"""

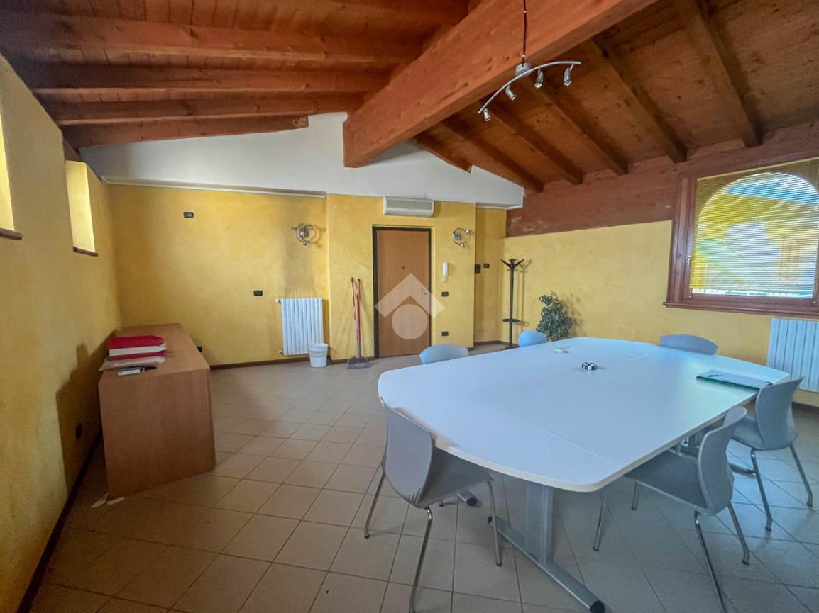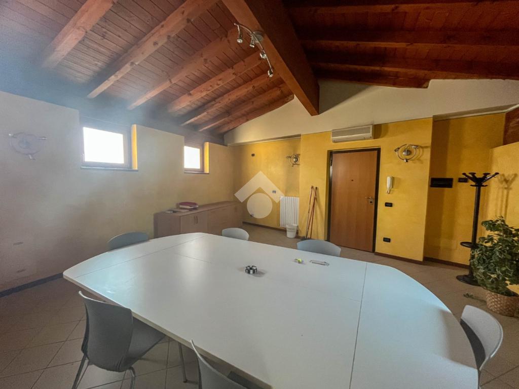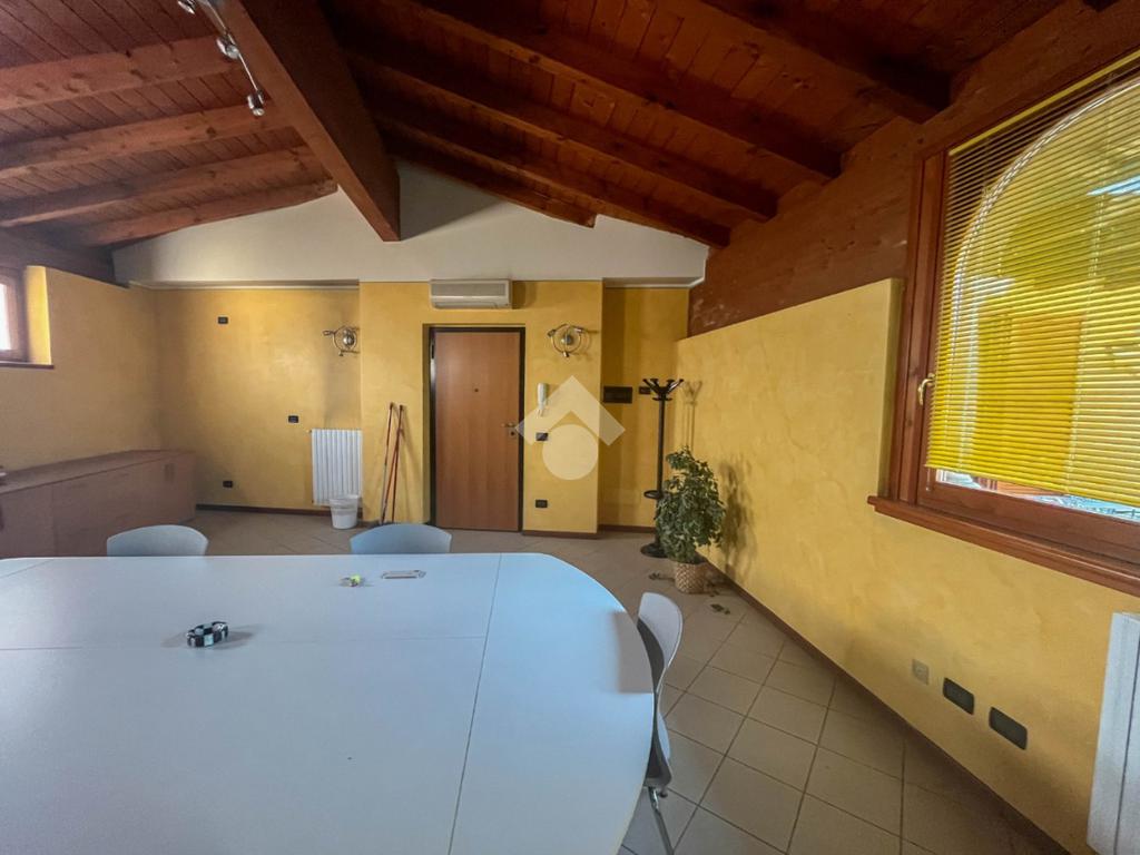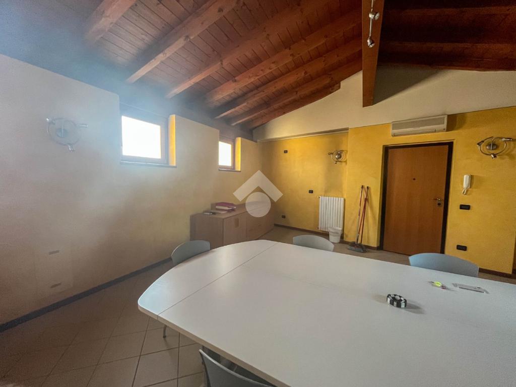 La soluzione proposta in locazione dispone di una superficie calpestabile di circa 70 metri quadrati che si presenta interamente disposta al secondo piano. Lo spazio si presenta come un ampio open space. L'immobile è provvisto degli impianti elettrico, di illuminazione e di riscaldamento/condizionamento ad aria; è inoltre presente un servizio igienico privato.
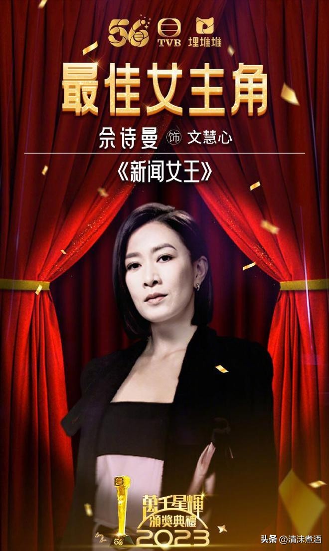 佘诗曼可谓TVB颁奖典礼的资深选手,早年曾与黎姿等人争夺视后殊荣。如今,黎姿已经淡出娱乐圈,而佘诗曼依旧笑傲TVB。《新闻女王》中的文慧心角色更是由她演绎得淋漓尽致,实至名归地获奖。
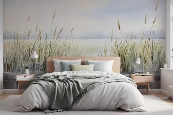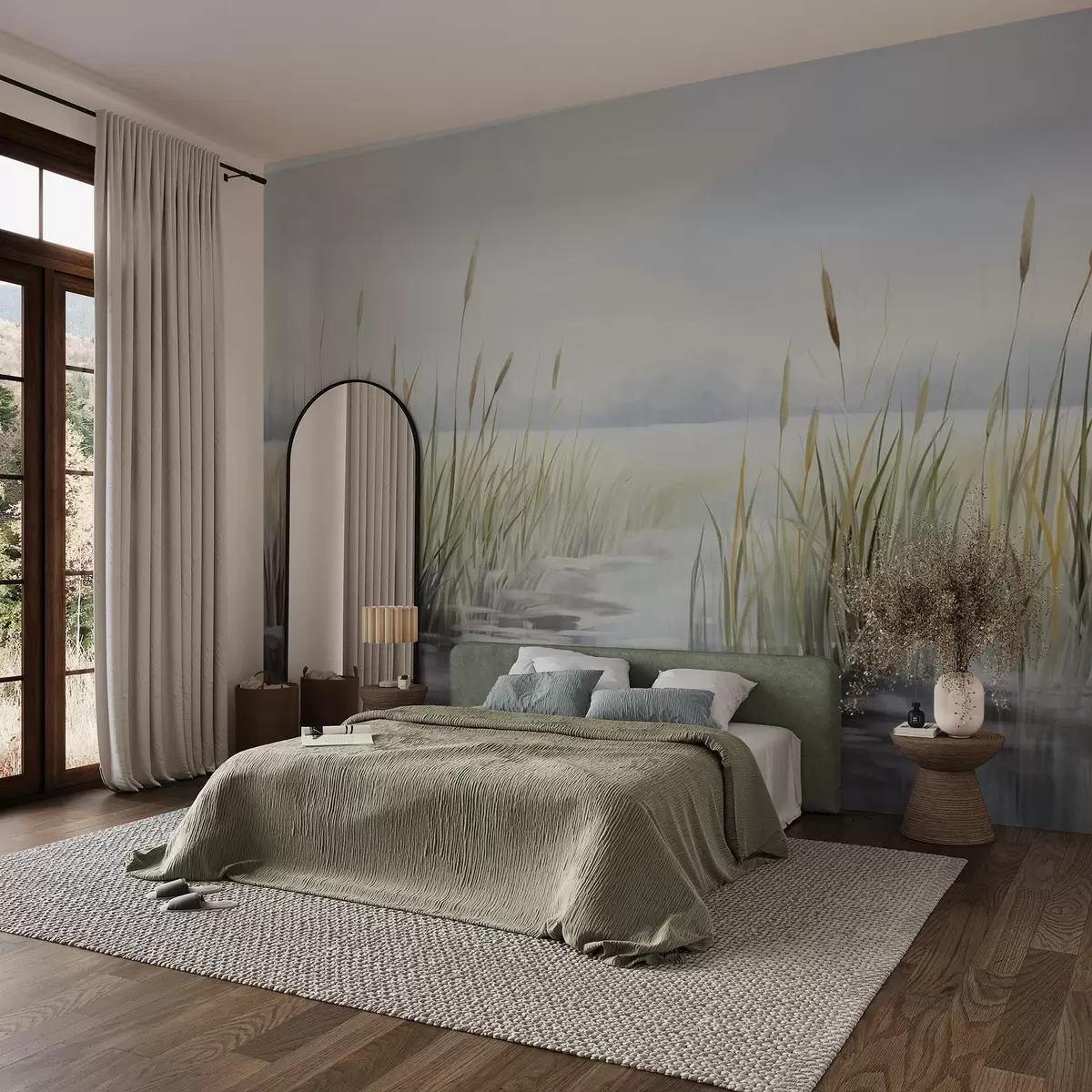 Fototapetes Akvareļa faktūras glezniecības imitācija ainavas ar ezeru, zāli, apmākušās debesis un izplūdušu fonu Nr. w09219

"""

__Exercise__. Could you set down the data exactly as given, minus its pictures?

__Output for this task__.
 La soluzione proposta in locazione dispone di una superficie calpestabile di circa 70 metri quadrati che si presenta interamente disposta al secondo piano. Lo spazio si presenta come un ampio open space. L'immobile è provvisto degli impianti elettrico, di illuminazione e di riscaldamento/condizionamento ad aria; è inoltre presente un servizio igienico privato.
 佘诗曼可谓TVB颁奖典礼的资深选手,早年曾与黎姿等人争夺视后殊荣。如今,黎姿已经淡出娱乐圈,而佘诗曼依旧笑傲TVB。《新闻女王》中的文慧心角色更是由她演绎得淋漓尽致,实至名归地获奖。
 Fototapetes Akvareļa faktūras glezniecības imitācija ainavas ar ezeru, zāli, apmākušās debesis un izplūdušu fonu Nr. w09219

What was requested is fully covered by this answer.